We learned and practiced a number of techniques, and while I understand that listing them here will not mean much to our readers, I feel like I need to acknowledge what was offered by the presenters as a beginning point for my own practice. We learned and practiced:
- POWER RETRIEVAL
- JOURNEYING (Upper and Lower worlds)
- POWER PRACTICE
It is all very interesting, and I found myself alternately diving deeply into the awareness of this bit of reality that I am sometimes only peripherally aware of... and then falling into an analytical frame of mind, evaluating each experience like the science geek I can sometimes be. From time to time, as the workshop progressed, and I listened to others describe the intricacies of their fantastic visions, I wondered if I was perhaps not "doing it right." Where some described journeys full of talking wolves and beautiful, strong, young Native American "teachers," I saw simple stone fountains and plates of sweet grapes. Standing out in the parking lot of the hotel where the workshop was held, singing the morning sun song, seemed a lot like public humiliation play, and trying to "dance my power animal," was only difficult because I had to try not to giggle hysterically.
OK. I'll admit it -- I am and earthbound, skeptical, prosaic, old woman.
I appreciated the instruction in techniques for accessing that "other" reality, but I am not interested in living life there. I am glad for tools and practices that help me live better, day by day -- but I expect to do the vast majority of that living right here in this world; this reality. Power animals and spirit helpers / teachers are welcome to the party that goes on in my head. I'll take all the help I can get. In the final analysis, however, I am responsible for me and I'll make my decisions as best I can.
The best, and most useful parts of the weekend for me? I "heard" quite distinctly that I need to relax; to avoid rigid patterns; to keep my heart light; to go with the currents and tides; to listen more deeply; to keep myself grounded and steady and stable; to practice simplicity; to approach others with gentleness and compassion.

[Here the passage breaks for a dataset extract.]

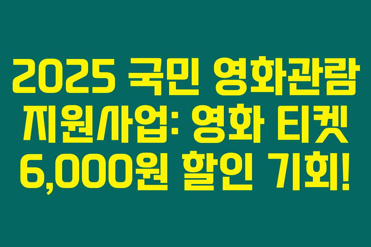 영화 관람이 취미인 사람이라면 2025년의 “국민 영화관람 지원사업” 소식을 놓치면 후회할 거예요. 모든 영화에 적용되는 최대 6,000원 할인 혜택을 통해 여가 생활을 더욱 풍성하게 즐길 수 있는 기회를 제공합니다. 아래를 읽어보시면 이 지원사업의 핵심 내용을 얻고 새로운 문화 경험을 할 준비를 할 수 있어요.

Rattles and drums? Soul songs? Spirit canoes? Rock divination? Spirit guides and power animals? Talismans? All of that seems like infrastructure to me -- bridges across the gap between here and "not here." I am glad to have been shown another way to move between the realities, but I find I am not absorbed or enthralled. Intrigued, yes. Open to the possibilities, yes. I am. I think all of this can just fold into my days and my nights; add another dimension to my experience of my world; enrich my life. I am not interested in living in the realm of "non-ordinary" reality. I want to learn to be fully present and engaged with this reality. The days are each precious. Life is truly a good gift. I don't need a spirit ally to convince me of that one.